Youtube only supports very specific resolutions, all other uploads will get "standardized" to the next smallest. That means that to get a crisp encode, we have to provide a video that either already is in these resolutions, or resizes nicely to them. In case of SNES footage, this is fairly easy: Pad the 256 x 224 to 256 x 240 with 8 pixel black bars on the top and bottom. Resizing that to 4x gives us 1024 x 960, which downsizes nicely to exactly 3x at 768 x 720. Compare:

 	1024_x_896,_30Hz_flicker_effect_with_TasBlend 	 			    	1024_x_960,_30Hz_flicker_effect_with_TasBlend 	 			  

It's not a big difference, but if you look closely, the 896 version looks slightly more blurry than the 960 version.
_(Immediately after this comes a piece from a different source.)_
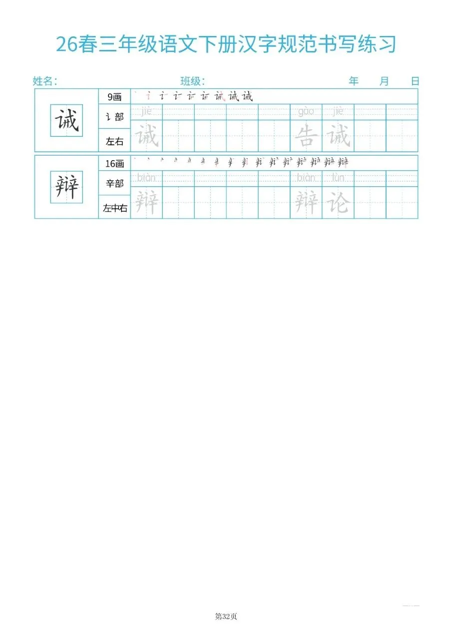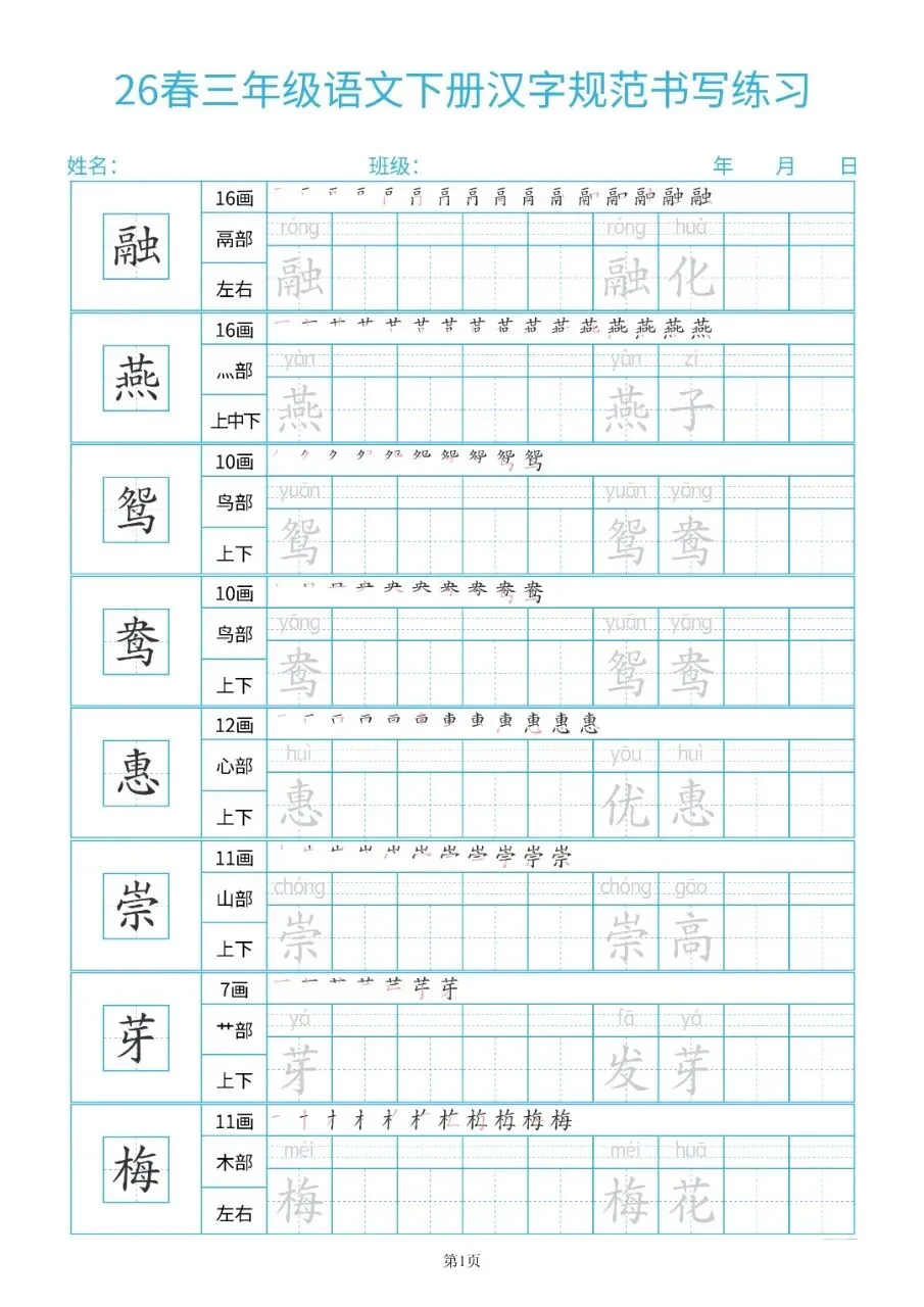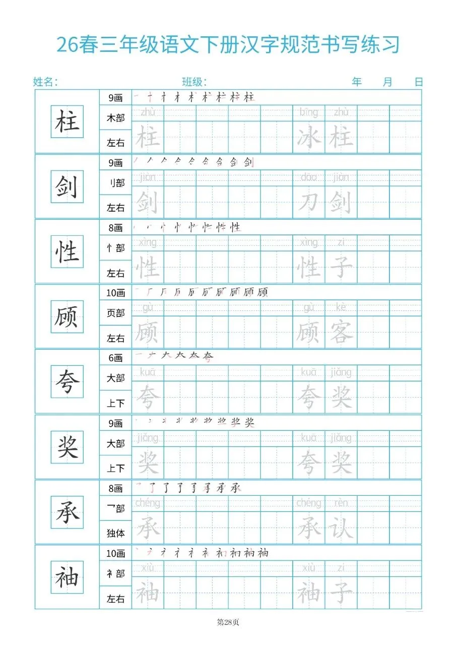 26年春人教版三年级下册语文(写字表同步生字帖),共32页,电子版可下载可打印,这份三下语文生字描红练字帖,涵盖了语文课本中必须掌握的一类生字,让孩子在临摹中熟写所学生字及拼音,为三年级的语文学习奠定基础。需要的家长抓紧打印出来,让孩子练一练吧!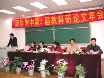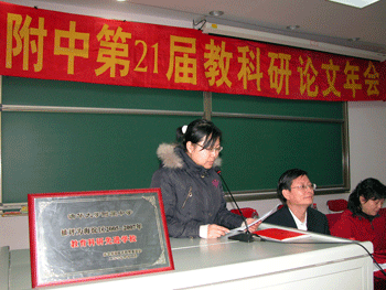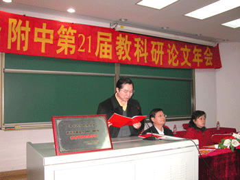 教科室主任秦洪明(左1)总结论文评审情况 校长王殿军宣读获奖名单

At this point we're kinda nitpicking really, but if you really want to get the best quality out of Youtube's encodes, pad non-standard resolution footage with black bars on the top/bottom to get a resolution (or exact multiple) that Youtube supports.

(The reason we're not resizing our SNES footage to 768 x 720 directly has to do with Chroma Subsampling, but admittedly might be wasted effort considering Youtube downsizes it anyway. Still, it's a good idea to provide Youtube with the best quality you can.)